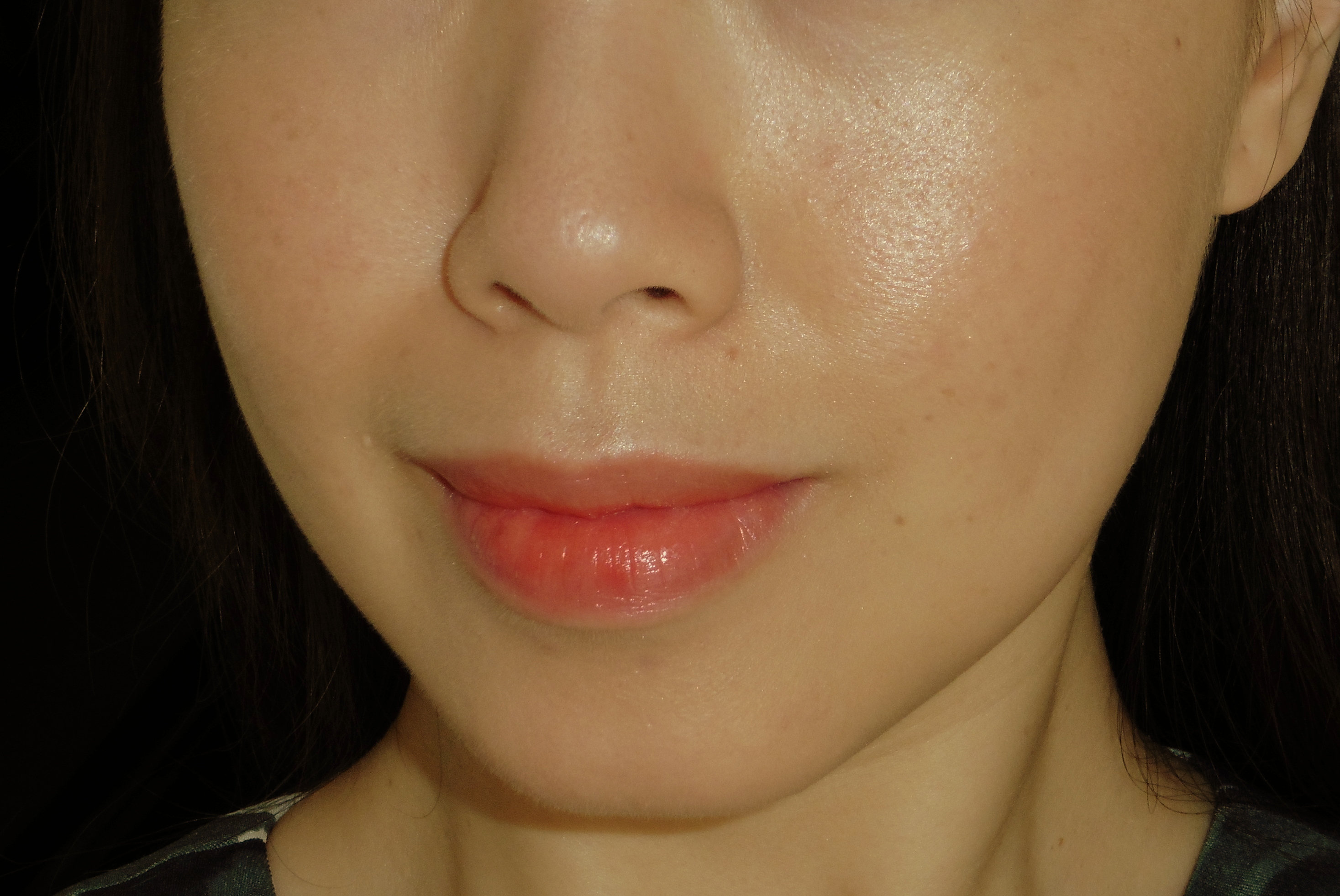 After applying my usual makeup (except for highlighting powder), I swirled a clean finger onto the stick and patted the volumer onto the various parts of my face where I wanted a glow: cheeks, chin, nose bridge, cupid’s bow. The shiny effect was visible in person although pretty hard to capture on camera without flash.
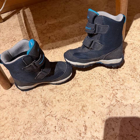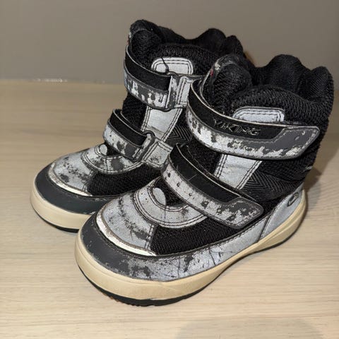 Viking barnesko i størrelse 26, designet for unisex bruk. Skoene har borrelåslukking og en solid såle, egnet for barn. Har så vidt noen bruksmerker på seg. I en mørkegrønn farge.
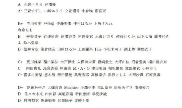 评价过低的:MAO、津田美波、沼仓爱美、山崎遥、藤井雪代
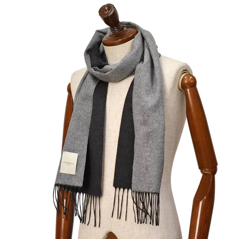 PIACENZA【ピアチェンツァ】リバーシブルマフラー MIRROR 82249/44 251 シルク カシミヤ チャコールグレー×ネイビー
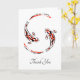 Gracias tarjeta de felicitación con un par de peces koi negros y rojos nadando y dando vueltas unos a otros. Mensaje personalizado en el interior.
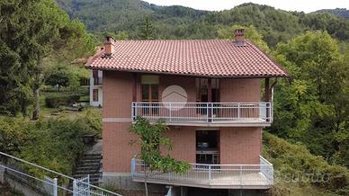 Completa la proprietà il giardino privato recintato che ciroconda la casa e l'ampio box auto al piano seminterrato, che può ospitare fino a tre macchine.
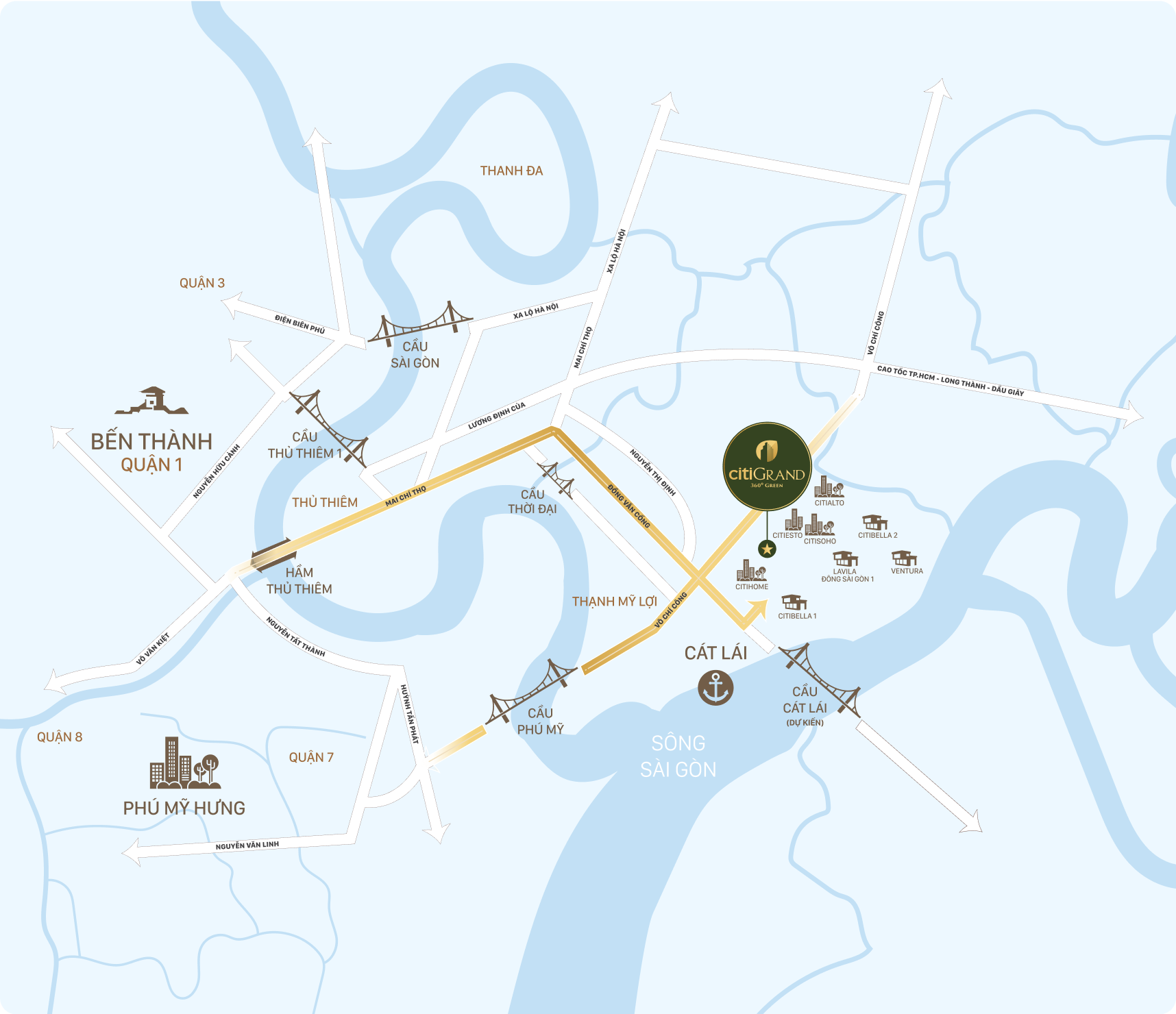 - 10 phút đến Phú Mỹ Hưng (Quận 7) qua Đồng Văn Cống → Võ Chí Công → Cầu Phú Mỹ.
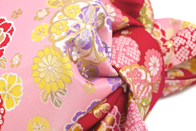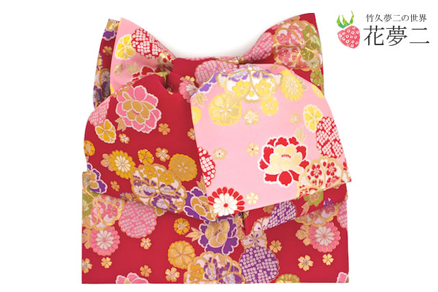 作り帯 七五三 子供用 ブランド 花夢二 赤 ピンク 菊 桜 牡丹 古典 結び帯 竹久夢二 【7歳】

--------

From the top of the listing above, repeat each line exactly until you reach the line containing "PIACENZA【ピアチェンツァ】リバーシブルマフラー MIRROR 82249/44", and repeat that one too. Leave the pictures out.

 After applying my usual makeup (except for highlighting powder), I swirled a clean finger onto the stick and patted the volumer onto the various parts of my face where I wanted a glow: cheeks, chin, nose bridge, cupid’s bow. The shiny effect was visible in person although pretty hard to capture on camera without flash.
 Viking barnesko i størrelse 26, designet for unisex bruk. Skoene har borrelåslukking og en solid såle, egnet for barn. Har så vidt noen bruksmerker på seg. I en mørkegrønn farge.
 评价过低的:MAO、津田美波、沼仓爱美、山崎遥、藤井雪代
 PIACENZA【ピアチェンツァ】リバーシブルマフラー MIRROR 82249/44 251 シルク カシミヤ チャコールグレー×ネイビー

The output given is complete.